Both are fora for at least some transparency, though follow-up questions are typically not allowed at the bi-monthly meetings, and few of the AY CDC members have anything but surface knowledge.

A new real estate VP at Empire State Development must get up to speed on this and other projects.

The coalition BrooklynSpeaks, essentially led by a handful of people, has the ear of local elected officials, some of whom attended the Crossroads charettes last winter and a July press conference regarding the failure to build the Urban Room--which was really more about that 2025 housing deadline.
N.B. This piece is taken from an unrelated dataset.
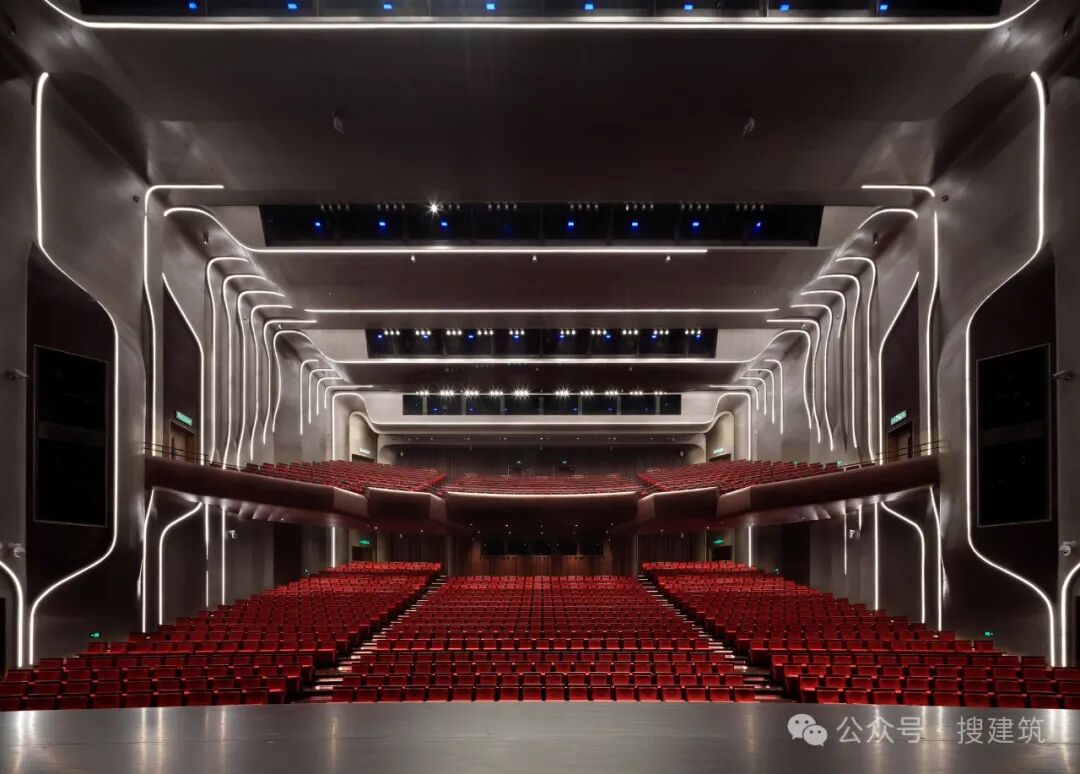 Just as Nantong, a city of connectivity, embodies diversity and inclusivity across different communities, the five halls of Nantong Grand Theatre reflect various interpretations of locality and affinity based on their distinct functional requirements. The interior design of each hall are uniquely styled and full of characters. However, from a technical perspective, these five theatres demonstrate a high degree of uniformity. All utilize glass fiber reinforced gypsum (GRG) panels with intricate textured surfaces as wall materials, designed to optimize acoustic performance to the fullest extent. Furthermore, the design of stage lighting, sound systems, and stage machinery exemplifies a relentless pursuit of modern performance excellency and immersive audience experiences, creating a cutting-edge artistic space for both spectators and performers. The Opera House serves as the centerpiece of the five halls. Audiences reach the auditorium through entrances on either side of the Opera House. The golden and dynamic vertical light strips, immediately evoke the elegance and purity of a world-class performance venue. The undulating vertical lines enhance the cohesiveness and depth of the space. The "light strips" on the walls can adjust their brightness and colors to suit different performance themes or conference settings. The seats, in rich shades of deep red, beautifully complement the golden walls, creating a striking visual harmony.
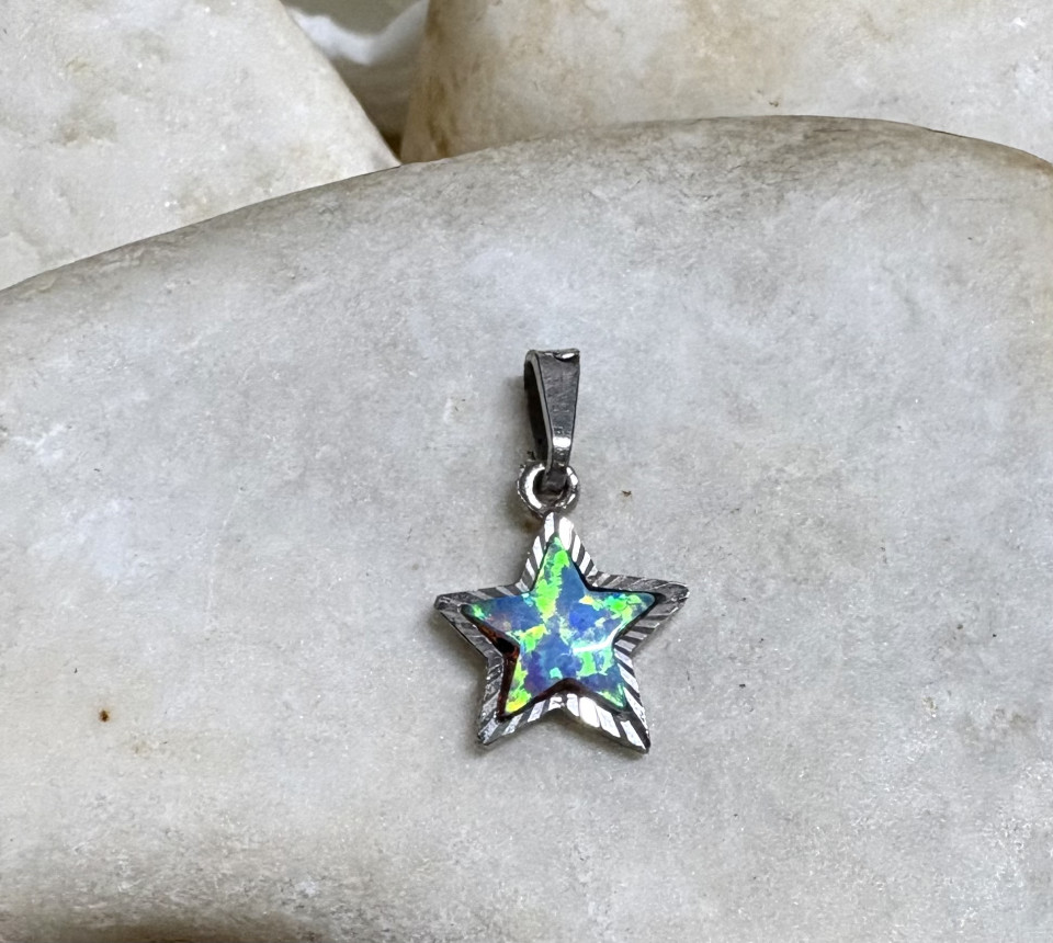 תליון זהב לבן 14K דגם כוכב בחריטת לייזר בשיבוץ אופל.

BrooklynSpeaks does not necessarily speak for the full spectrum of opinion, so presumably any attempt to move forward on Site 5, and/or a project negotiation, will involve a larger range of people. That said, expect some new proposals on the project from BrooklynSpeaks (more on that soon).

If a plan emerges to extend the project timetable or otherwise protect GFCP from those fines, that deserves significant public discussion--not a backroom deal.

Press coverage will continue to be very sporadic, beyond this blog.

Beyond the footprint

The Atlantic Avenue Mixed-Use Project (AAMUP), the successor to what Community Board 8 called M-CROWN, is proceeding, aiming to rezone the area just east of Vanderbilt Avenue, the eastern end of the Atlantic Yards/Pacific Park footprint, with not only higher densities but also civic investments, including open space and road improvements.

Meanwhile, several spot rezonings on or near Atlantic Avenue that passed have not yet led to buildings going vertical. Given the deadline to complete new buildings by June 15, 2026 to take advantage of the 421-a tax break, we should see some buildings start.

About the Nets

The Brooklyn Nets' remarkable turnaround during the first half of the 2022-23 season puts them in a position for a deep playoff run, even a championship--subject, of course, to injuries and/or a Kyrie Irving-related crisis. That could mean congestion near the project's limited parking garages.

If so, expect Mayor Eric Adams and others to get on a Nets bandwagon. What elected official wouldn't want to join a parade, even if you're only rooting for the clothes? And expect Irving to negotiate a lucrative new contract with the Nets.

A successful Nets season might bring team owner Joe Tsai closer to his bold, and seemingly unattainable goal of nearly tripling team revenue. Along with new revenue streams, that could include a buyout of Barclays, enabling the arena operator (Tsai's company) to sell naming rights for far more than the $10 million a year Barclays pays.

What's the 2023 surprise?

Perhaps a new timetable, a new plan, and a new agreement with the state. A boost from Mayor Eric Adams for deeper affordability? Greenland going into default?

If there's a new arena naming rights agreement, well, we'll have to get used to not just a new name, but also a new naming rights plan for the transit hub--right?